Exercise description:
Your response should consist of the entire listing, transcribed exactly, with every image left out.

Data:
________________________

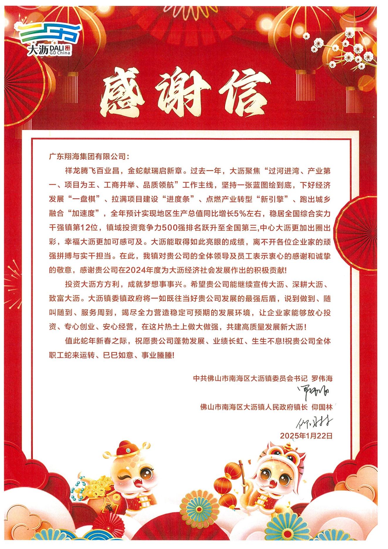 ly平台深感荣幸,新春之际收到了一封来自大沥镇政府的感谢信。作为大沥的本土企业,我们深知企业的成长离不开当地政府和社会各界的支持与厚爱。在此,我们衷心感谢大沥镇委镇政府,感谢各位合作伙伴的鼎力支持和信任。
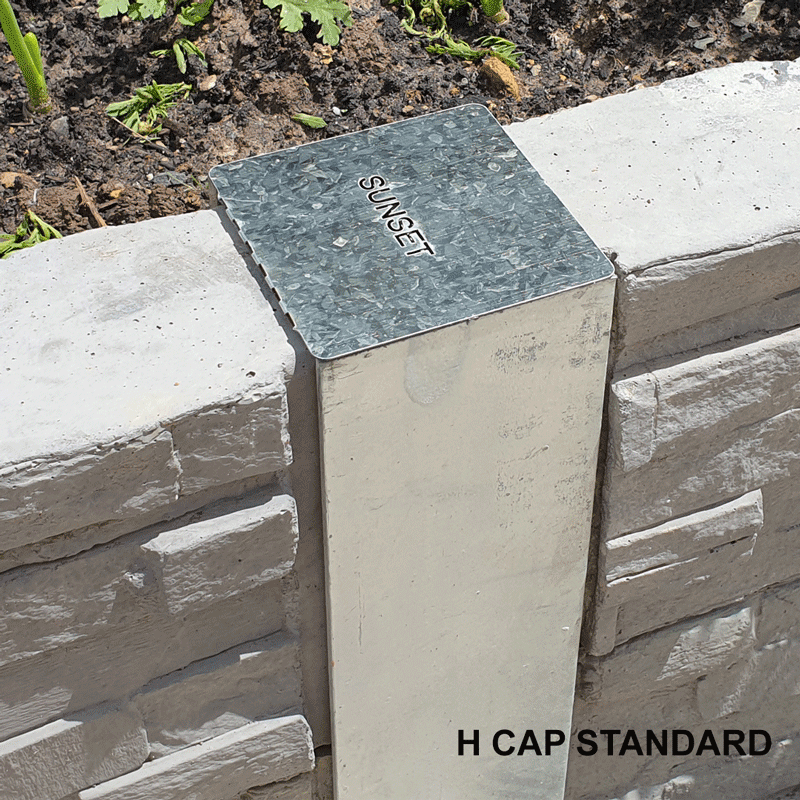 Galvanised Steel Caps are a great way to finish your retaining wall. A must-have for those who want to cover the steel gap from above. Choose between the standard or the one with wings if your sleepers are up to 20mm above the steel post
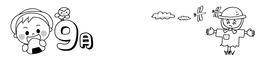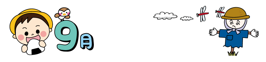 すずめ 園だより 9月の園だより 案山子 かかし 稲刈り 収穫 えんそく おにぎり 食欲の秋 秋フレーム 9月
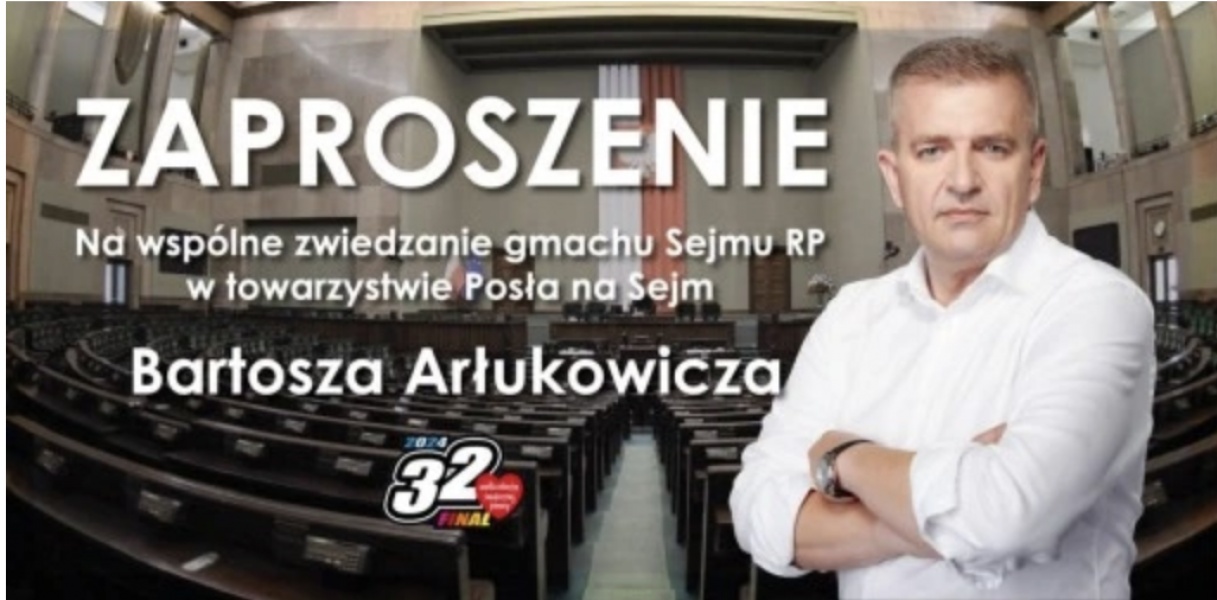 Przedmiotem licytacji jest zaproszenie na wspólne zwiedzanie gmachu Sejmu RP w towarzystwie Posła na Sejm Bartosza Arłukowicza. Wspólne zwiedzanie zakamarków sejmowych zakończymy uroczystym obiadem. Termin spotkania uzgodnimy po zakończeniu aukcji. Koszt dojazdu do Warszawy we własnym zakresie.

________________________

Exercise solution:
 ly平台深感荣幸,新春之际收到了一封来自大沥镇政府的感谢信。作为大沥的本土企业,我们深知企业的成长离不开当地政府和社会各界的支持与厚爱。在此,我们衷心感谢大沥镇委镇政府,感谢各位合作伙伴的鼎力支持和信任。
 Galvanised Steel Caps are a great way to finish your retaining wall. A must-have for those who want to cover the steel gap from above. Choose between the standard or the one with wings if your sleepers are up to 20mm above the steel post
 すずめ 園だより 9月の園だより 案山子 かかし 稲刈り 収穫 えんそく おにぎり 食欲の秋 秋フレーム 9月
 Przedmiotem licytacji jest zaproszenie na wspólne zwiedzanie gmachu Sejmu RP w towarzystwie Posła na Sejm Bartosza Arłukowicza. Wspólne zwiedzanie zakamarków sejmowych zakończymy uroczystym obiadem. Termin spotkania uzgodnimy po zakończeniu aukcji. Koszt dojazdu do Warszawy we własnym zakresie.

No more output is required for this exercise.